DGM Adapters¶
A DGM (Data Gateway Manager) plugin normalizes external data sources into the platform's canonical schema. Each DGM instance corresponds to one external data provider (e.g., Bloomberg, Polygon, Databento, ICE). The DGM translates vendor-specific formats into kernel-canonical events.
Three-Stage Pipeline¶
Every DGM plugin implements a three-stage pipeline. The sidecar orchestrates the stages; the plugin must not call them directly.
Stage 1: transform_query¶
Translates a kernel subscription request into a vendor-specific query. Maps kernel instrument identifiers to the provider's symbology.
def transform_query(self, subscription_request):
vendor_symbol = self._resolve_symbol(subscription_request.canonical_id)
return NormalizedQuery(
vendor_symbol=vendor_symbol,
fields=["PX_LAST", "PX_OPEN", "PX_HIGH", "PX_LOW", "VOLUME"],
start_date=subscription_request.start,
end_date=subscription_request.end,
)
Stage 2: extract_data¶
Fetches data from the external provider. Credentials are injected by the sidecar for this call only. The plugin must not cache credentials beyond a single invocation. All network egress passes through the sidecar's Network Egress Proxy.

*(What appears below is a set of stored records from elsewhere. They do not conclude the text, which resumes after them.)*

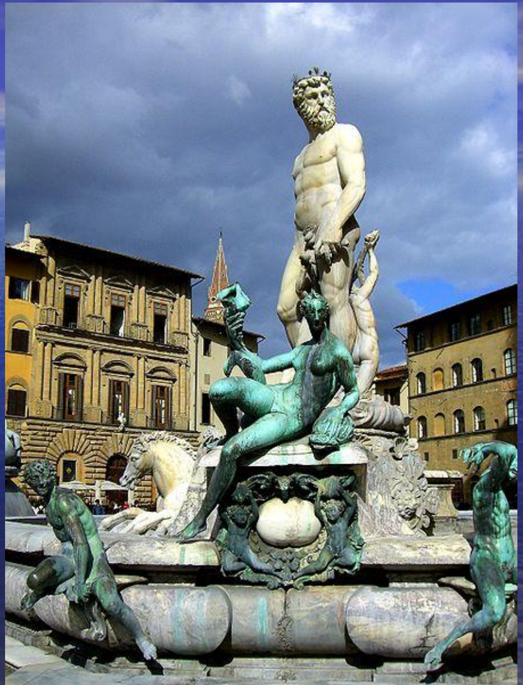
Статуя Нептуна на Пьяцца дела Синьориа
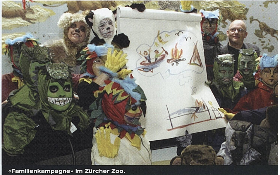
«Familienkampagne» im Zürcher Zoo.

Zu Tieren verkleidete Kinder nahmen die Medien am 13. März 2001 zur Präsentation der Familienkampagne «Platz da für Kinder.» an die Hand. Am Morgen, im Zürcher Zoo, führten die Kinder Journalistengruppen zu den drei Welten Familien-Ferien, Familien-Abenteuer und Familien-Spass, die mit grossen Kinderzeichnungen präsentiert wurden. Am Nachmittag begrüsst eine weitere Kinderschar die Westschweizer Presse im Musée Olympique Lausanne. Die Medienkonferenzen waren ein tolles Erlebnis: Ein wahrer Vorgeschmack eben auf Familienferien in der Schweiz.
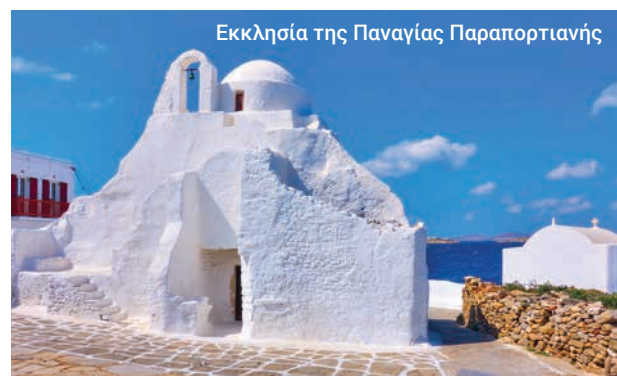
Εκκλησία της Παναγίας Παραπορτιανής
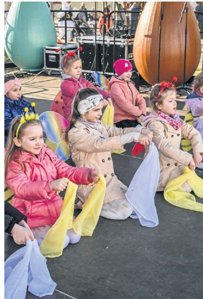
Tradycją jarmarku są występy artystyczne
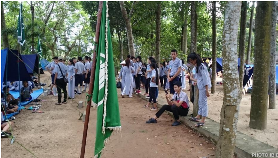
Gặp nhau tay bắt mặt mừng

Sau Lễ Khai Mạc, các em đi vào sinh hoạt sôi động của tuổi trẻ, quên cả lo âu, nhọc nhằn.

def extract_data(self, normalized_query, credentials):
client = VendorAPI(api_key=credentials["api_key"])
raw = client.fetch(
symbol=normalized_query.vendor_symbol,
fields=normalized_query.fields,
start=normalized_query.start_date,
end=normalized_query.end_date,
)
return raw # opaque bytes
Stage 3: transform_data¶
Transforms vendor-specific data into kernel-canonical events. Every event must include ts_event and ts_init timestamps.
def transform_data(self, normalized_query, raw_response):
rows = self._parse_vendor_format(raw_response)
events = []
for row in rows:
events.append(NormalizedEvent(
canonical_id=normalized_query.canonical_id,
ts_event=row["timestamp"],
ts_init=datetime.utcnow(),
fields={
"open": row["PX_OPEN"],
"high": row["PX_HIGH"],
"low": row["PX_LOW"],
"close": row["PX_LAST"],
"volume": row["VOLUME"],
},
))
return events
Streaming Hooks¶
DGM plugins that support real-time streaming implement these additional methods:
on_subscribe¶
Initiates a streaming subscription at the specified resolution.

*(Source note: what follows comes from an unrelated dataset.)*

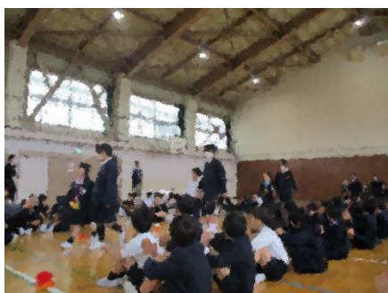
全校合唱の中、6年生と入場

def on_subscribe(self, symbol, resolution):
vendor_symbol = self._resolve_symbol(symbol)
self.feed.subscribe(vendor_symbol, resolution)
on_unsubscribe¶
Terminates a streaming subscription.
def on_unsubscribe(self, symbol):
vendor_symbol = self._resolve_symbol(symbol)

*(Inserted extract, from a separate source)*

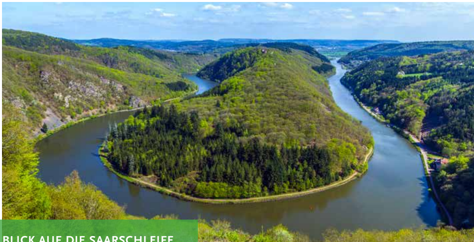
BLICK AUF DIE SAARSCHLEIFE

Und wenn Sie schon mal da sind, wollen Sie sicher nicht nur eine Strecke fahren oder eine bestimmte Lok hautnah erleben – für einen Tag ist die Anreise doch viel zu schade. Bleiben Sie einfach ein paar Tage lang in der Region! Ein verlängertes Wochenende in Trier, an der Saar oder in der Eifel bietet neben der Teilnahme am Dampfspektakel noch viel mehr. Vorschläge für Ausflüge finden Sie bei der Rheinland-Pfalz Tourismus GmbH sowie der Tourismus Zentrale Saarland GmbH. Beispielsweise bieten sich die Vulkaneifel und der Nationalpark Hunsrück-Hochwald für interessante Tagestouren an. Informieren Sie sich unter: www.urlaub.saarland

self.feed.unsubscribe(vendor_symbol)
on_tick¶
Normalizes a single raw tick from the vendor feed. Must include ts_event and ts_init.
def on_tick(self, raw_tick):
return NormalizedTick(
canonical_id=self._resolve_symbol(raw_tick.symbol),
ts_event=raw_tick.exchange_timestamp,
ts_init=datetime.utcnow(),
price=raw_tick.last_price,
size=raw_tick.last_size,
conditions=raw_tick.conditions,
)
Subscription management is handled by the sidecar. The plugin must not maintain its own subscription registry. A DGM plugin may support batch only, streaming only, or both (declared in the capability manifest).
Feed Status¶
DGM plugins must publish feed status updates to platform.data.feed.status whenever connection state changes.
self.publish_feed_status(
feed_id=self.instance_id,
status="CONNECTED", # CONNECTED | DISCONNECTED | DEGRADED | RECONNECTING
symbols_count=len(self.active_subscriptions),
)
On DEGRADED or DISCONNECTED, the plugin must also invoke on_degrade(reason) on the base lifecycle.
Capabilities Declaration¶
Every DGM plugin declares its capabilities at registration:
class MyVendorDGM(DGMPlugin):
vendor_name = "polygon"
supported_data_types = ["time_series", "snapshot"]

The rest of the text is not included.